In some states, that increase was more dramatic than the national average. California, New Jersey and Connecticut all saw increases of more than 60 percent between 2005 and 2011. In Hawaii, the number of such homes nearly doubled, rising 95 percent. And, in hard-hit Nevada, the number of homes with an unemployed parent rose by 148 percent.
The Census data confirm the findings of private researchers as well. A March report on the children of the unemployed from the Urban Institute, a policy research organization, found that more than one in six children had an unemployed or underemployed parent last year, down slightly from a 2010 peak.
And while the number of children with at least one unemployed parent swelled and then retracted some over the past several years, the number of those parents who were unemployed six months or longer more than tripled. Such long-term unemployment has proven to be one of the more difficult problems of the employment recovery and has been associated with sometimes devastating and long-lasting consequences for job seekers and their families.
“People may not think of this as much, but job loss can also have a negative impact on family dynamics,” says Julia Isaacs, the author of the March report. Studies have found that parental long-term unemployment can also lead to poorer grades and attendance in school among children, she said. Those who suffer from such long spells of unemployment often continue to suffer from permanently lower wages, stilted careers, deterioration of mental and physical health, and higher mortality rates, all of which can impact their children as well.

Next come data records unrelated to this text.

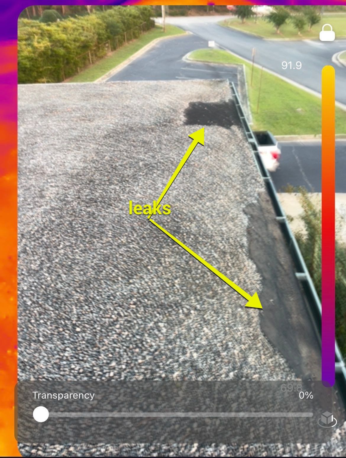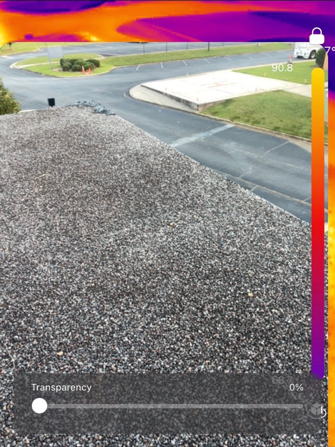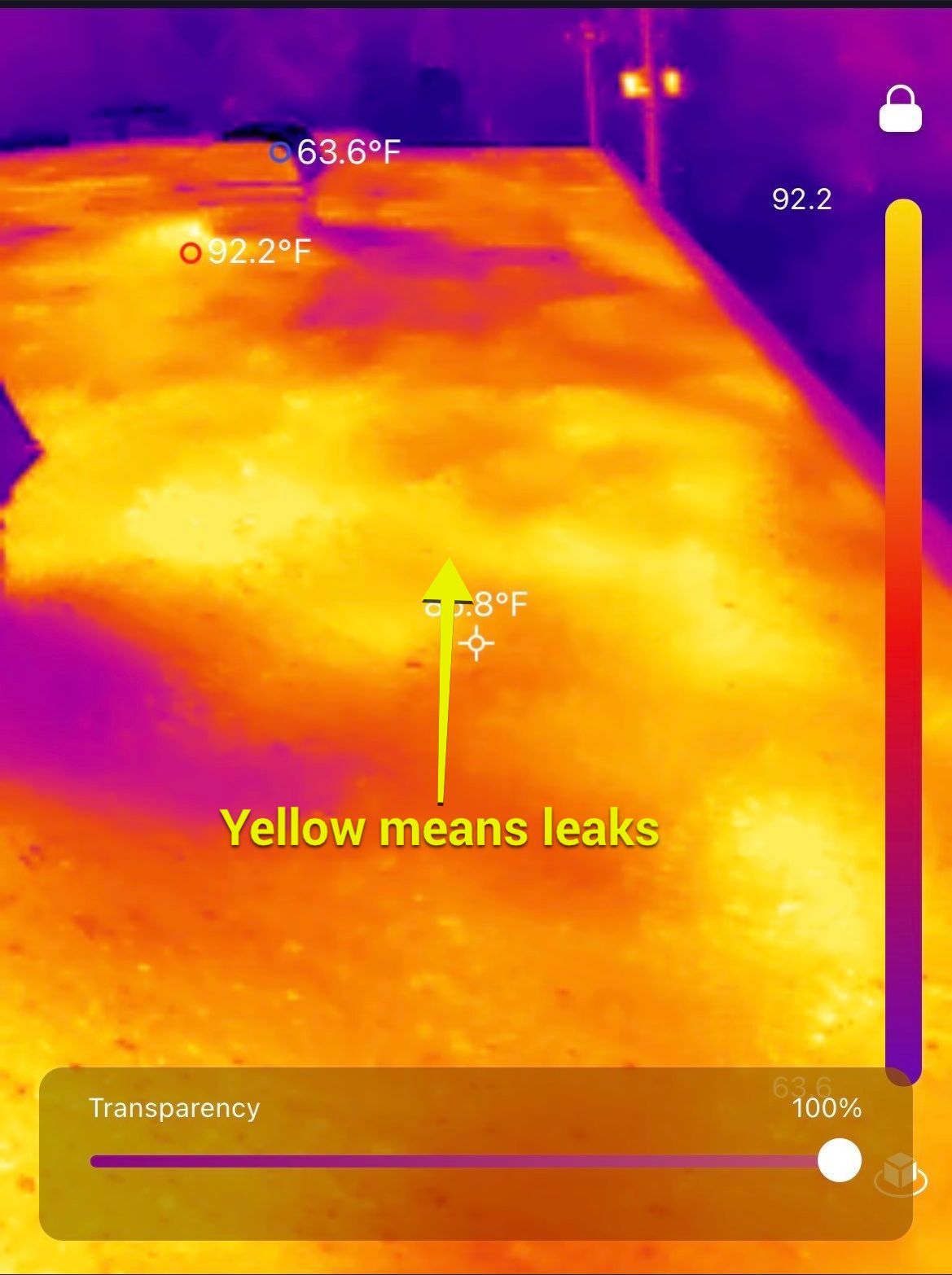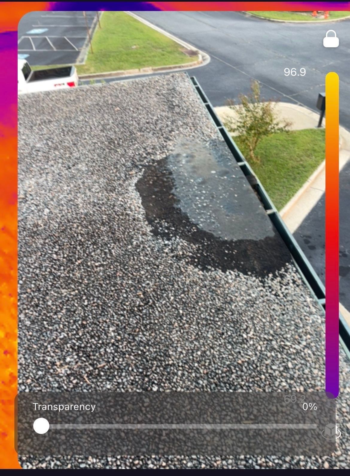 We used a thermal heat detection system to scan the roof surface. This method shows temperature differences across the roof and helps locate areas where water may have been absorbed into the insulated board beneath the top roofing materials. Because wet insulation warms differently from dry areas, the thermal images reveal those wet spots visually.
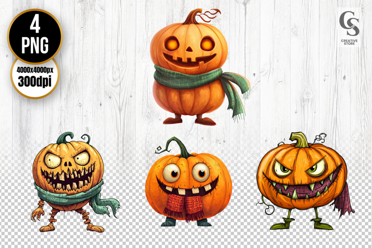4 Spooky Pumpkin Character Clipart PNG Files Perfect for Greeting Cards, Invitations, Junk Journal, Party Decor, Scrapbooking and many other craft projects.
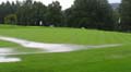 Greenen på hull 11 på Bogstad under regnbygen torsdag ettermiddag
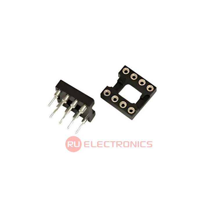 Корпус —, Количество контактов 8 , Шаг 2.54 мм, Способ монтажа Сквозные отверстия , Примечание 2,54 IC Socket (Machine pin), Vertical, Through hole, 8P, width 7,62mm
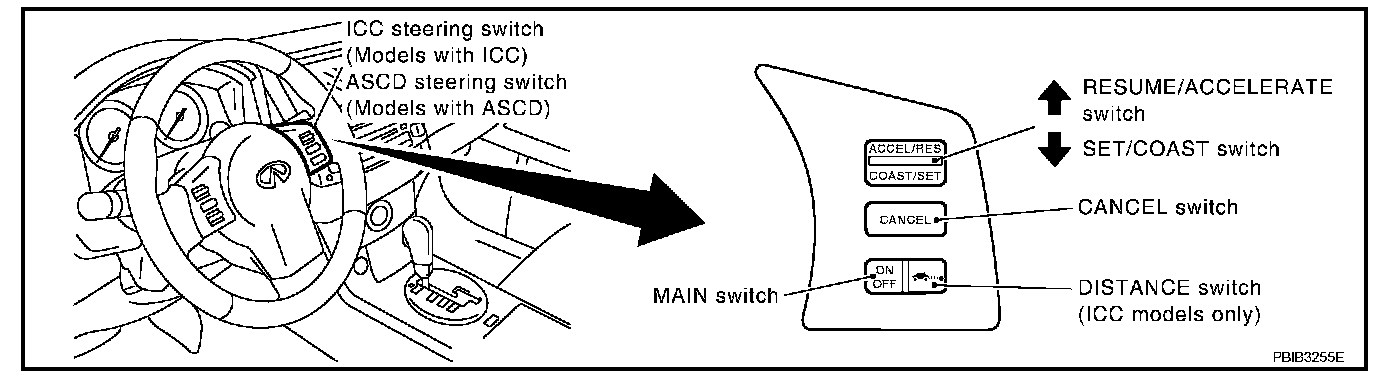 ASCD steering switch has variant values of electrical resistance for each button. ECM reads voltage variation of switch, and determines which button is operated. Refer to "AUTOMATIC SPEED CONTROL DEVICE (ASCD)" for the ASCD function.
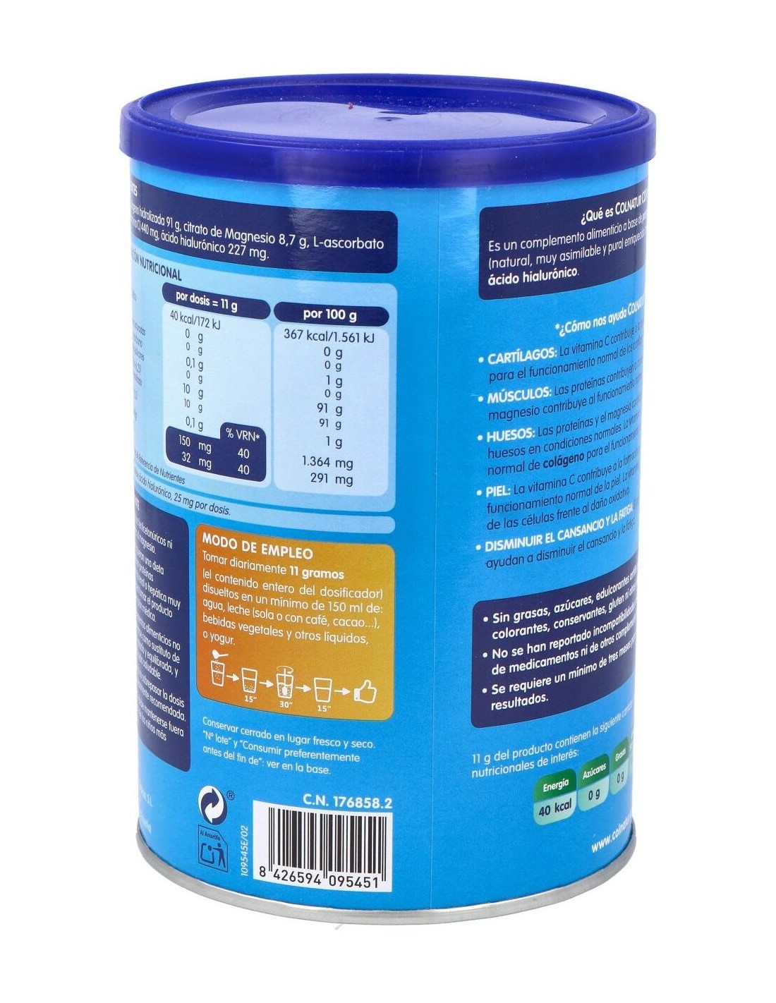 Suplemento con colágeno para apoyar la normal nutrición y regeneración de los tejidos colagénicos, en especial cartílago articular, músculos, huesos y piel. Sabor muy neutro.
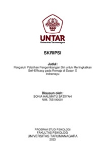 Sa’diyah, Sonia Halimatu (2023) Pengaruh Pelatihan Pengembangan Diri untuk Meningkatkan Self-Efficacy pada Remaja di Dusun X Indramayu. Skripsi thesis, Universitas Tarumanagara.
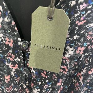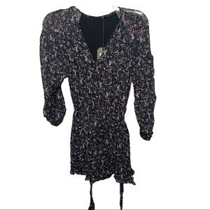 NWT Allsaints Size 0 Kaylee Stretch Floral Romper V-neck Long Sleeves Viscose
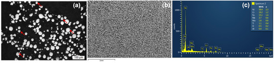 Internal porosity in the cross-section of powder particles was also evaluated. The results of the porosity measurements show a low percentage of internal porosity: 0.10 ± 0.12%, which results in a particles densification of 99.9 ± 0.12%. This is positive, since according to various authors [18,19,20,21], the internal porosity of pre-alloyed nickel-based powders is revealed later, after rapid solidification, as gas trapped in SLM-manufactured parts. Since a lower internal porosity of the particles translates to a greater apparent density (without considering the morphology of the powder and its influence on the packing of the particles during the measurement of apparent density), a starting powder with the lowest internal porosity possible is desirable to minimize the presence of pores after solidification in laser melting. The results obtained from internal porosity are also related to the measured apparent density (4.18 ± 0.01 g/cc3) with the method defined in the ISO 3923-1 standard and using the Hall flowmeter funnel. In Figure 5, images of internal porosity analysis (Figure 5a) as well as EDS microanalysis with the chemical composition of particles analyzed for this powder (Figure 5b), which confirms the composition of IN718 alloy (AMS 5383F), can be observed.
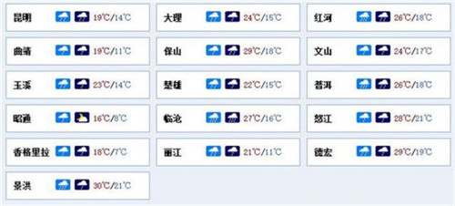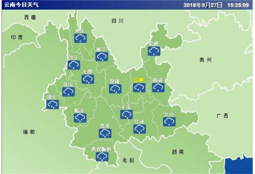 27日20時-28日20時: 普洱、西雙版納、玉溪南部、紅河南部陰有中到大雨局部暴雨;怒江、大理西部、保山、德宏、臨滄陰有小到中雨局部大雨;昭通、曲靖北部多云;其它地區(qū)多云有陣雨。
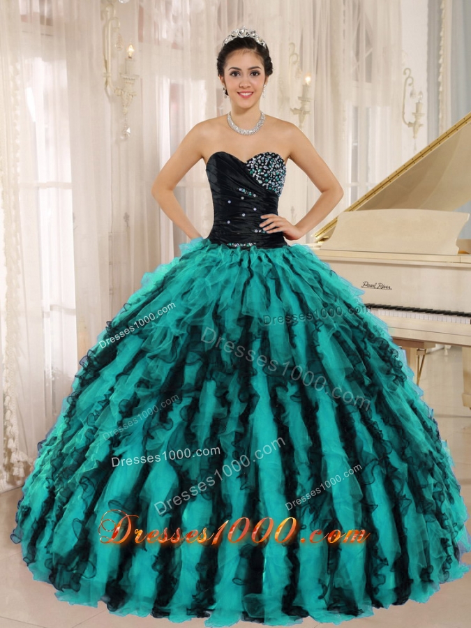 Elegant Beading and Ruffled Sweetheart 2014 Multi-color Quinceanera Dresses
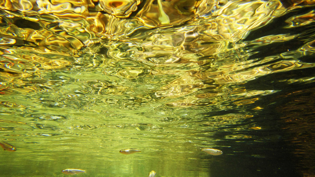 Ciao Ale, è una fotosub fatta a pelo d'acqua, ho visto i pesciolini, il sole del pomeriggio illuminava con tonalità calde la superficie e io ho rivolto l'obiettivo verso l'alto, la superficie stessa ha fatto da specchio e ha rimandato indietro l'immagine dorata. Un saluto da Arturo e grazie per il tuo delizioso commento ciao
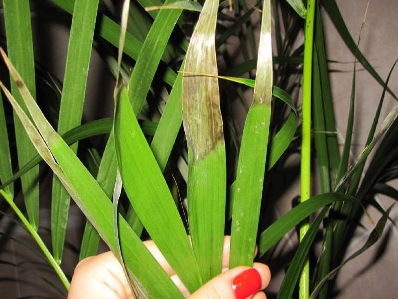 Når det gjelder sykdommer, lider areca-palmen ofte av sopp. Våt jord fremkaller rotting av rotsystemet. Dette problemet kan identifiseres ved flekker og nekrose på bladplaten. Deretter begynner de å bli gule, blekne. Sprøyting med soppdrepende løsning vil bidra til å rette opp situasjonen.
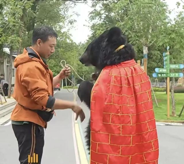 视频显示,这只黑熊身披红袈裟,能直立行走、和工作人员互动,动作拟人程度极高,引发游客质疑:“这真的不是工作人员假扮的吗?”
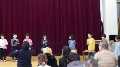 2月21日は生活発表会を行いました。5歳児は歌「北風小僧の寒太郎」と「あしたははれる」を歌ったり、楽器演奏で「星に願いを」「あしたははれる」を演奏したりしました。また、劇遊びでは、「おしいれのぼうけん」のお話で遊びました。
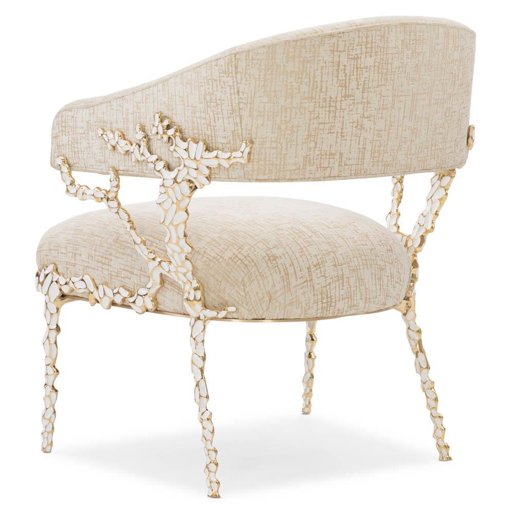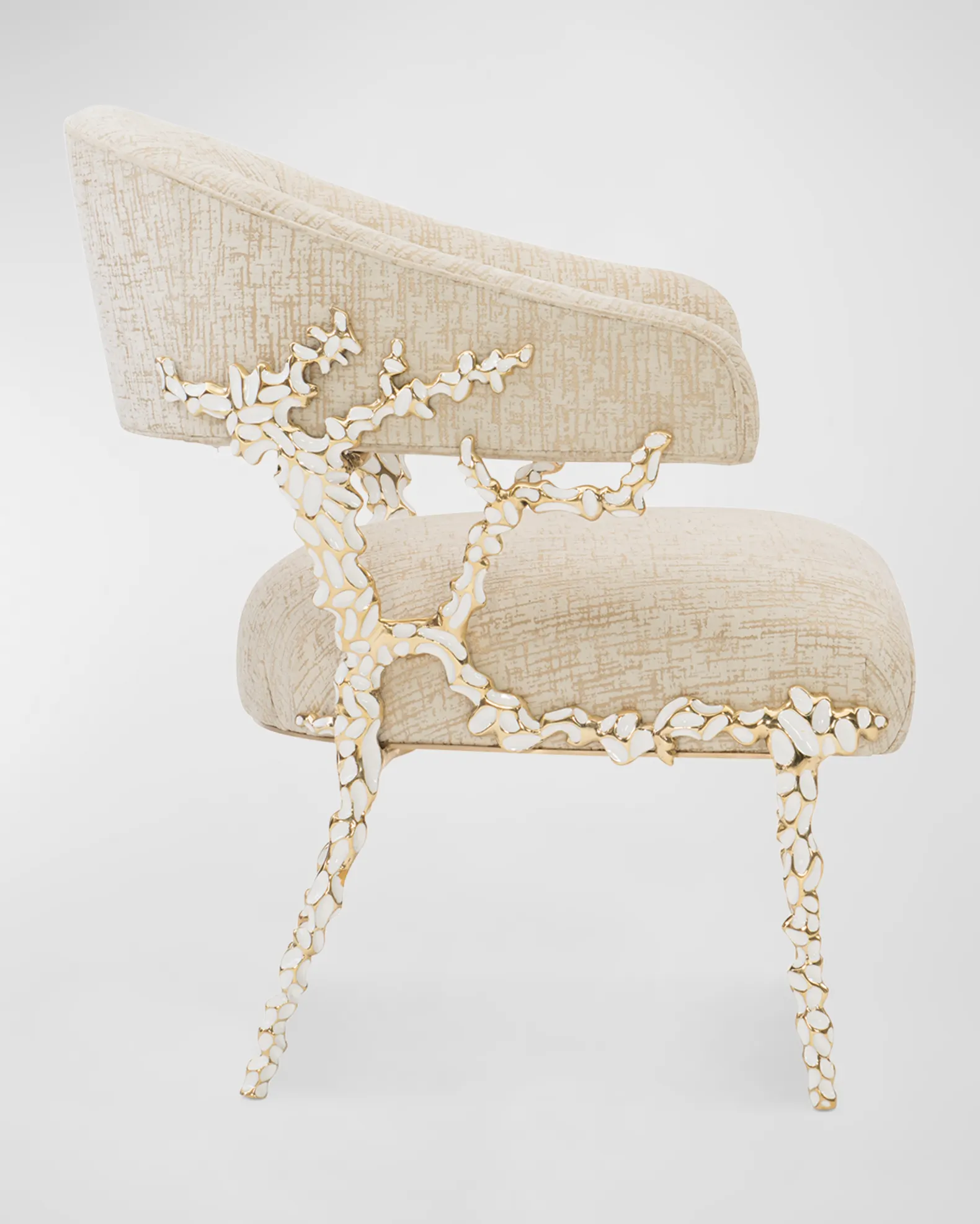 Bold in character, this dazzling chair is unique in every way. Its one-of-a-kind shape was born from design exploration of the organic beauty and inspiration found in nature. Cast in solid brass and finished in Gold Brush with white enamel, it has the feel of branches or coral reaching up toward the light. Richly upholstered in a soft, textured neutral, this remarkable creation conveys an attitude of modern opulence.

Homeownership rates among parents also fell during the recession, according to the Census data. From 2005 to 2011, the number of children whose parents owned their homes fell by 15 percent. California, Arizona, Michigan and Ohio saw declines of 20 percent or more
In addition, more than one in four children last year lived with just one of their parents, with wide variations by race. More than half of black children—55 percent—lived in a single-parent household. Among Hispanics, that rate was 31 percent. Just over one in five white non-Hispanic children—21 percent—lived in single-parent households in 2012, while that rate was just 13 percent for Asian children.